[[ Data excerpts open ]]
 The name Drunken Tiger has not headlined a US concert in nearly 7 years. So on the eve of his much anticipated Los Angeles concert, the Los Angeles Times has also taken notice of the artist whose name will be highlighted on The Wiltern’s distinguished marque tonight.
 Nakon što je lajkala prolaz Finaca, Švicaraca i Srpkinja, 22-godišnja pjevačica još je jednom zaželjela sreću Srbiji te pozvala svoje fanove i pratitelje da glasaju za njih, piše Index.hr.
[[ Data excerpts closed ]]
[[ Data excerpts open ]]
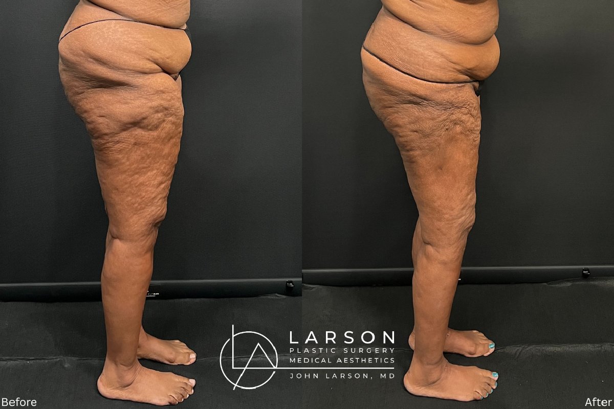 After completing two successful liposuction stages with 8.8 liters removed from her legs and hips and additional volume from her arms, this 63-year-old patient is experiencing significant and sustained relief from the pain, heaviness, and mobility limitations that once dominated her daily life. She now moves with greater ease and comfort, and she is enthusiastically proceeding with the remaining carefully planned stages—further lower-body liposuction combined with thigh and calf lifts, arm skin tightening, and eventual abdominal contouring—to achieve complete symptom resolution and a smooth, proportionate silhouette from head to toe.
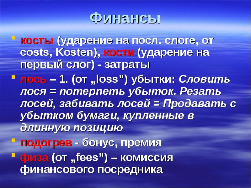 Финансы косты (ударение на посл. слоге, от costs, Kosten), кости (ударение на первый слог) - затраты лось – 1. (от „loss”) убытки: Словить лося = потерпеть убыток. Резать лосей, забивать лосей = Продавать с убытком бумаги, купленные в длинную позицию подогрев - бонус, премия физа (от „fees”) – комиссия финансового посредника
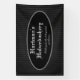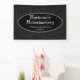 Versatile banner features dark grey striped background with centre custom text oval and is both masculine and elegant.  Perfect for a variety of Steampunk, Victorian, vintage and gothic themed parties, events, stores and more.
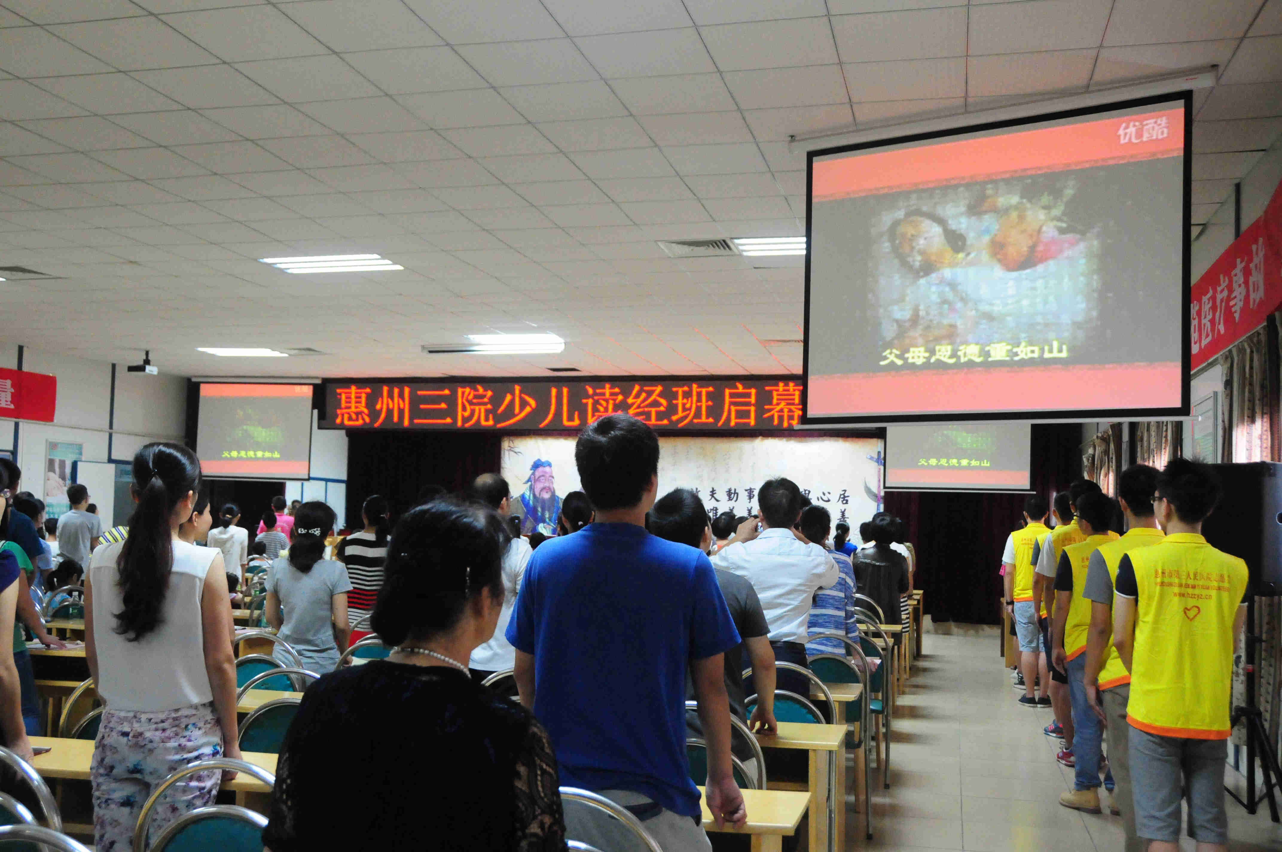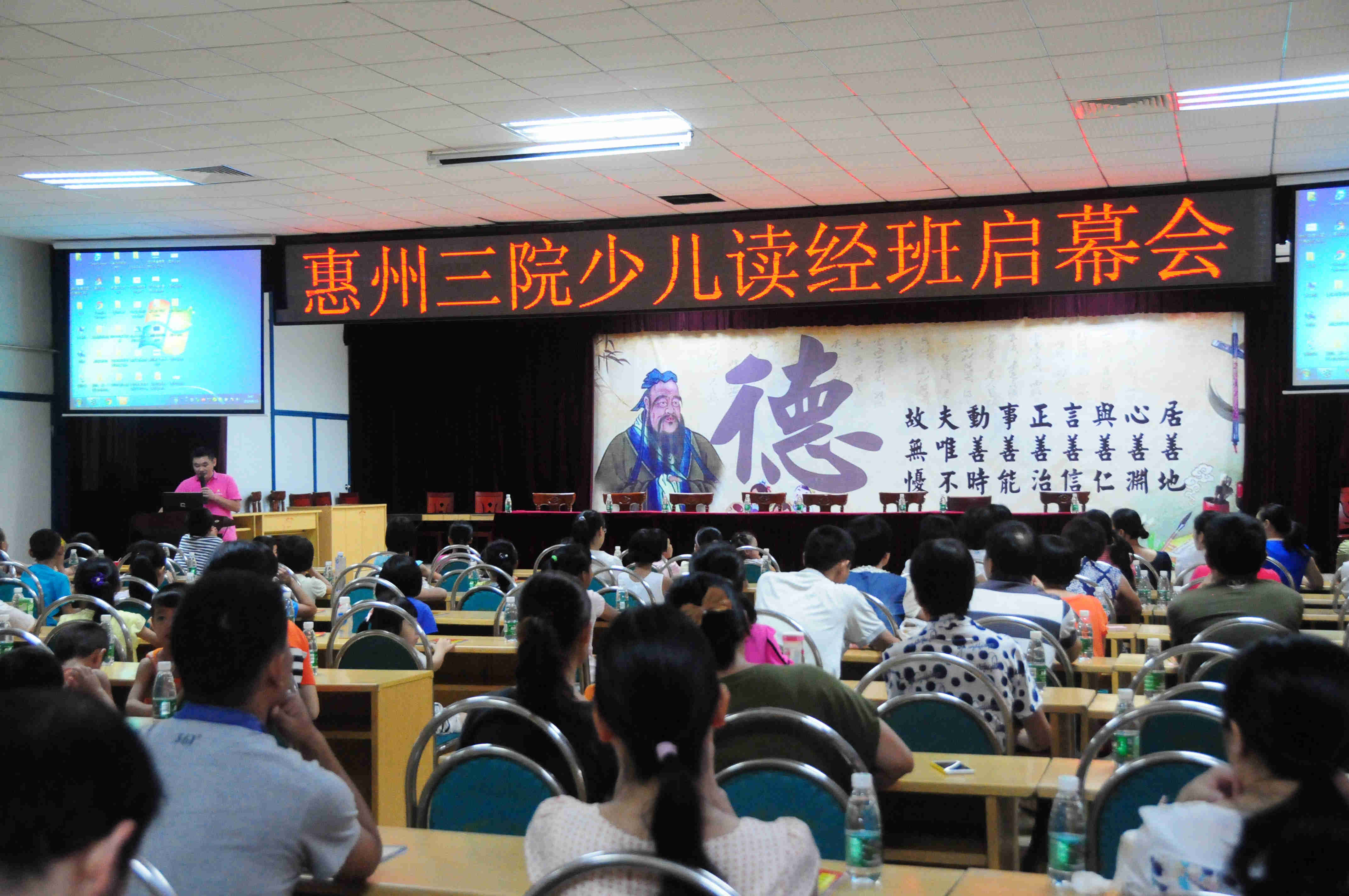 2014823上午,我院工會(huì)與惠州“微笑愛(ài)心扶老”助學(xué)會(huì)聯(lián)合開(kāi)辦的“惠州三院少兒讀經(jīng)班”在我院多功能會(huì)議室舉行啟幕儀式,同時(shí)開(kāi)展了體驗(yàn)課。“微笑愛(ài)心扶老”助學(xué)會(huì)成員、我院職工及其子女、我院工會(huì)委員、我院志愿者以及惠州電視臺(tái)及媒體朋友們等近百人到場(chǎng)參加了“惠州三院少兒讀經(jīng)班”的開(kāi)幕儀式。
[[ Data excerpts closed ]]
[[ Data excerpts open ]]
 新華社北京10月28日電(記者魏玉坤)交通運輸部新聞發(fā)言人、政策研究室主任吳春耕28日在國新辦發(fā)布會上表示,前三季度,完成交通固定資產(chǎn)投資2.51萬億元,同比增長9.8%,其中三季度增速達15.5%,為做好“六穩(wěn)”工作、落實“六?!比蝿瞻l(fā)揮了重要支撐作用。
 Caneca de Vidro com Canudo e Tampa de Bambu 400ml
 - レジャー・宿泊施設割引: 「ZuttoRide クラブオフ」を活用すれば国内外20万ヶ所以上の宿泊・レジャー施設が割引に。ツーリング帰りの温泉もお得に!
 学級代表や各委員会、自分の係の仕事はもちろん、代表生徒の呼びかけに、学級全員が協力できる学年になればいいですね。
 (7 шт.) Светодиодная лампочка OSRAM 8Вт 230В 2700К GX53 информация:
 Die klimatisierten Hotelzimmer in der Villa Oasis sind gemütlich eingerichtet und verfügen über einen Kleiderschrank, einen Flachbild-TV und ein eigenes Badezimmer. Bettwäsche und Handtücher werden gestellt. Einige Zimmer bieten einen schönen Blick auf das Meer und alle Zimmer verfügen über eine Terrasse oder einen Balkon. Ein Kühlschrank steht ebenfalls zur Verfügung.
[[ Data excerpts closed ]]
### Work instructions:
Everything from the line with "Versatile banner features" down to the line with "2014823上午,我院工會" in the data above should be copied exactly, with both end lines kept and the pictures left out.

### Exercise output:
 Versatile banner features dark grey striped background with centre custom text oval and is both masculine and elegant.  Perfect for a variety of Steampunk, Victorian, vintage and gothic themed parties, events, stores and more.
 2014823上午,我院工會(huì)與惠州“微笑愛(ài)心扶老”助學(xué)會(huì)聯(lián)合開(kāi)辦的“惠州三院少兒讀經(jīng)班”在我院多功能會(huì)議室舉行啟幕儀式,同時(shí)開(kāi)展了體驗(yàn)課。“微笑愛(ài)心扶老”助學(xué)會(huì)成員、我院職工及其子女、我院工會(huì)委員、我院志愿者以及惠州電視臺(tái)及媒體朋友們等近百人到場(chǎng)參加了“惠州三院少兒讀經(jīng)班”的開(kāi)幕儀式。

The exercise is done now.